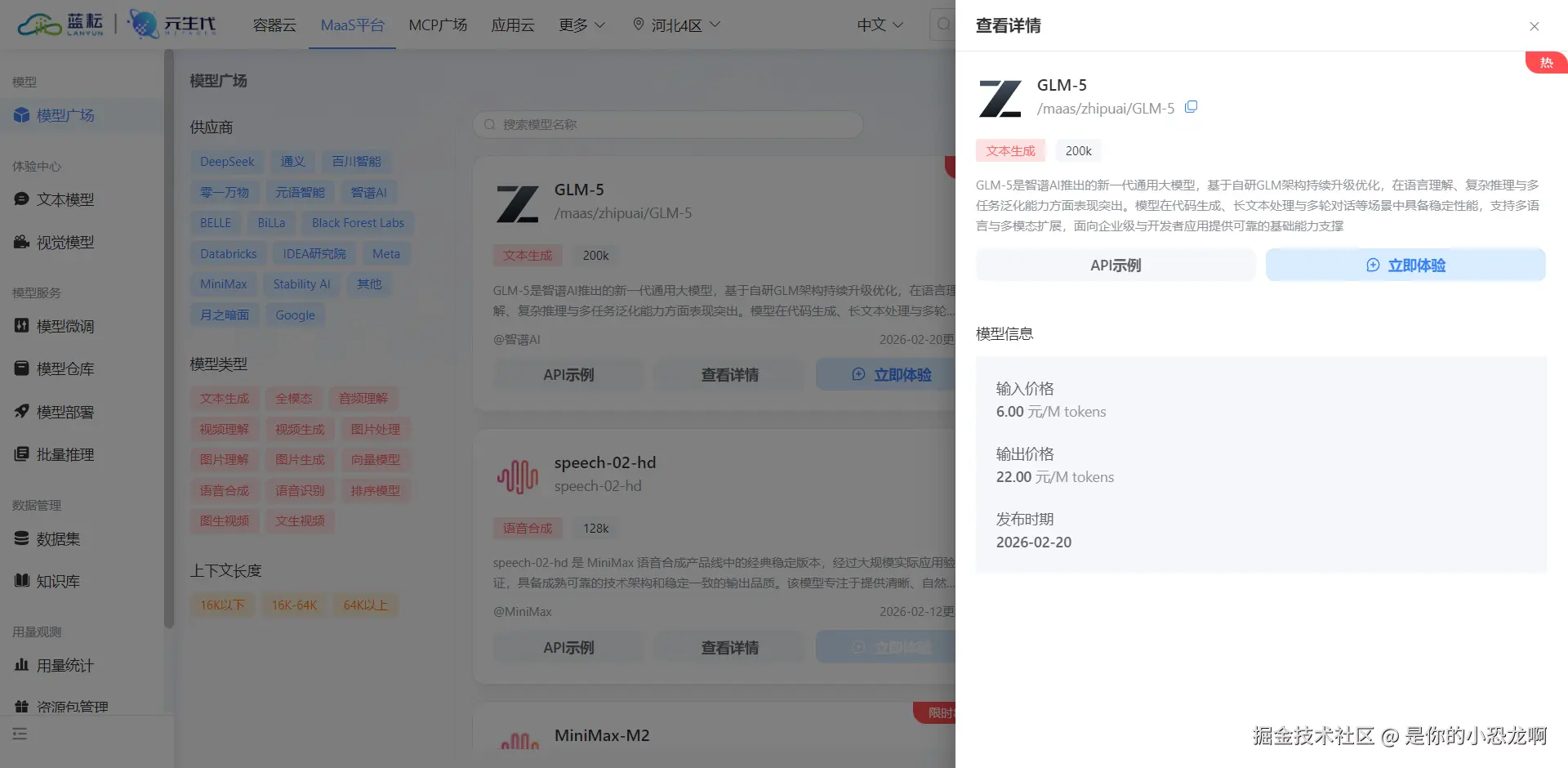 在模型广场中,选择 GLM-5 模型。智谱 AI 开发的 GLM 系列模型在中文理解与代码生成方面表现优异,非常适合用于生成复杂的配置文件。
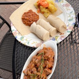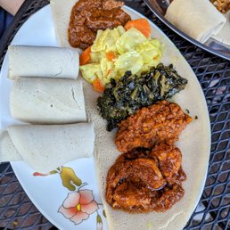This is a really great spot to sample Ethiopian food. And they are also very gluten-free friendly! We split the sampler platter between 2 of us, but it could've easily fed 3 - 4. Food was delicious, service was a little slow but we didn't mind. The patio is great on a nice day!
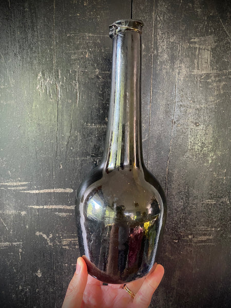 Rare Antique Early 18th Century ‘Flower Pot’ Bodied Free-blown Wine Bottle c.1710-1720
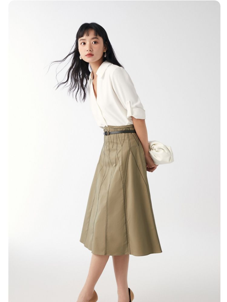 【高腰简约】春夏专柜款A字中长迷笛纯色半身裙气质百搭时尚 560913
+===+
What you are asked to do - In the data above, find the line with "Rare Antique Early" and repeat it and every line after it through the end, exactly; leave the pictures out.

Written response -
 Rare Antique Early 18th Century ‘Flower Pot’ Bodied Free-blown Wine Bottle c.1710-1720
 【高腰简约】春夏专柜款A字中长迷笛纯色半身裙气质百搭时尚 560913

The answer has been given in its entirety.